# RAW DATA:

^^^^^^^^^^^^^^^^

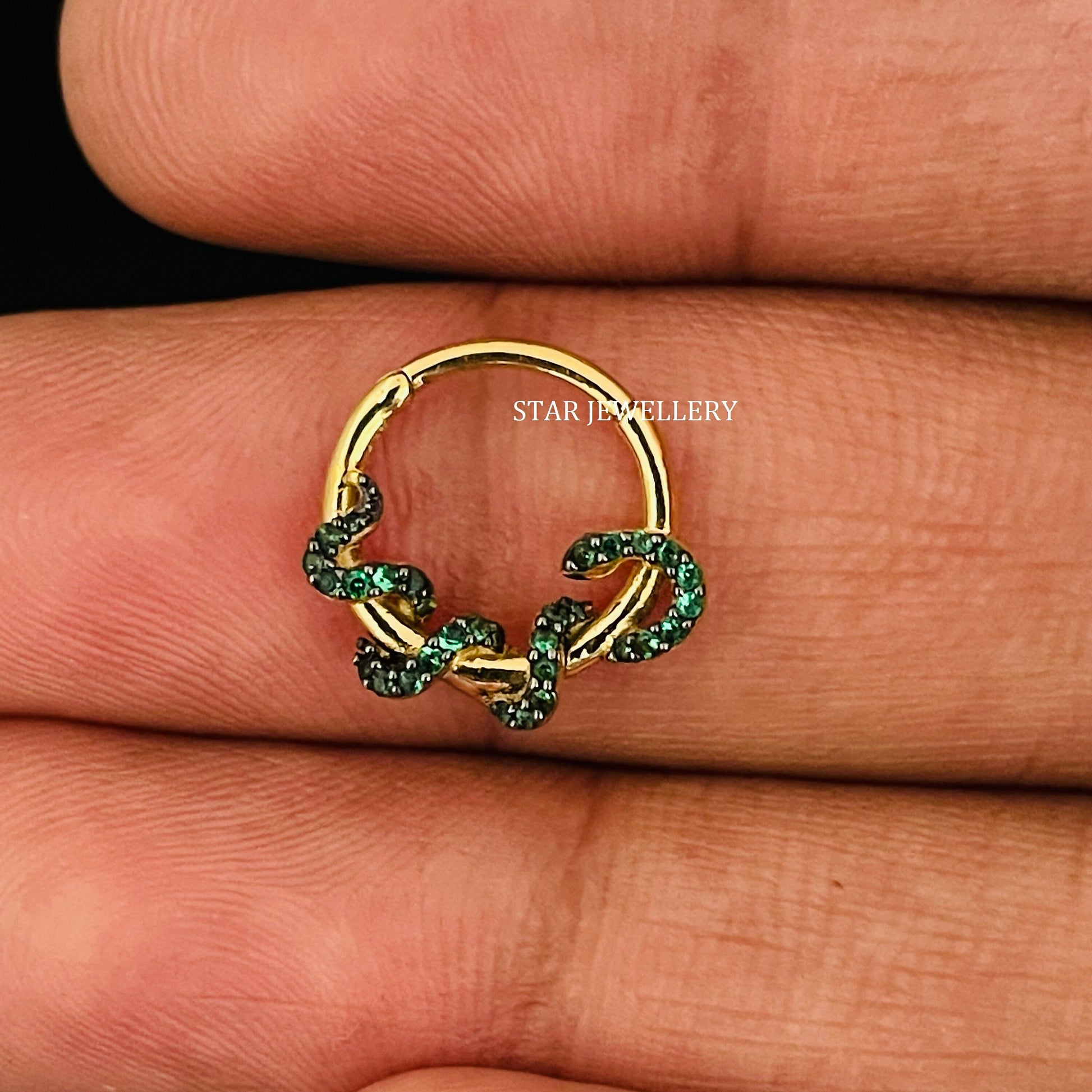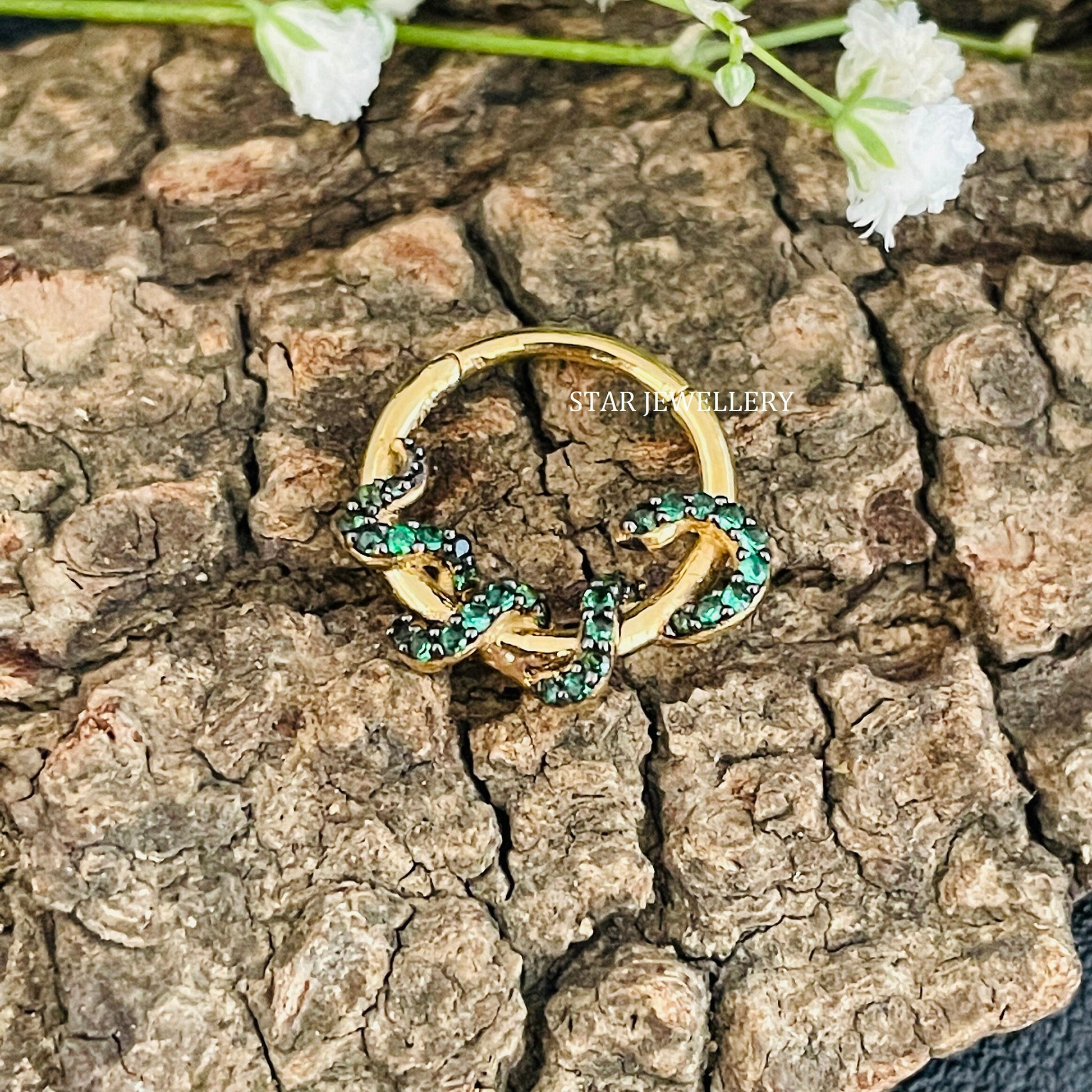 14K Solid Gold CZ Green Diamond Snake Daith Piercing for her, 10K Gold Snake Daith Clicker with Green CZ Stone,Diamond Snake Septum Piercing
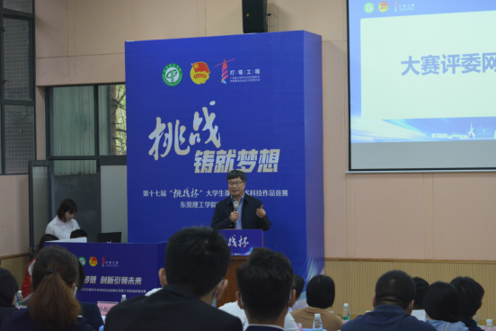 授旗仪式结束后,主持人本届挑战杯备赛情况进行了介绍,并邀请本次大赛的评委代表广东省社会科学院原企业所所长林平凡进行网评点评。本次大赛共有210件作品报名参加,其中A21件,B118件,C71件。经过各二级学院遴选报送以及校外评审专家网评,共评选出59件优秀作品进入学校选拔赛决赛。评委代表林平凡对本次大赛进行点评并提出建议,强调扎实的专业知识是创新创业项目的基础以及对作品进行精心打磨的重要性。
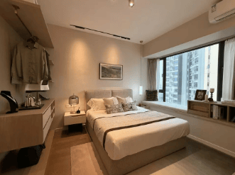 双阳台设计更是点睛之笔,生活阳台承担收纳晾晒功能,让日常杂物有序摆放;景观阳台则直面园心美景,闲暇时在这里种花种草、品茶观景,或是俯瞰 8.5 万㎡全生态园林的绿意盎然,轻松切换生活与休闲模式。私属主卧套房尽显尊贵感,一侧规划衣帽收纳空间,满足日常衣物存放需求;一侧衔接观景视野,南向园景尽收眼底。独立卫浴设计保障了居住私密性,让主人尽享舒适便捷的居家体验。

^^^^^^^^^^^^^^^^

# TASK:
Your task is to retype exactly the lines that run from the line with "授旗仪式结束后,主持人本届挑" through the last line of the material, with the pictures left out.

# YOUR RESPONSE:
 授旗仪式结束后,主持人本届挑战杯备赛情况进行了介绍,并邀请本次大赛的评委代表广东省社会科学院原企业所所长林平凡进行网评点评。本次大赛共有210件作品报名参加,其中A21件,B118件,C71件。经过各二级学院遴选报送以及校外评审专家网评,共评选出59件优秀作品进入学校选拔赛决赛。评委代表林平凡对本次大赛进行点评并提出建议,强调扎实的专业知识是创新创业项目的基础以及对作品进行精心打磨的重要性。
 双阳台设计更是点睛之笔,生活阳台承担收纳晾晒功能,让日常杂物有序摆放;景观阳台则直面园心美景,闲暇时在这里种花种草、品茶观景,或是俯瞰 8.5 万㎡全生态园林的绿意盎然,轻松切换生活与休闲模式。私属主卧套房尽显尊贵感,一侧规划衣帽收纳空间,满足日常衣物存放需求;一侧衔接观景视野,南向园景尽收眼底。独立卫浴设计保障了居住私密性,让主人尽享舒适便捷的居家体验。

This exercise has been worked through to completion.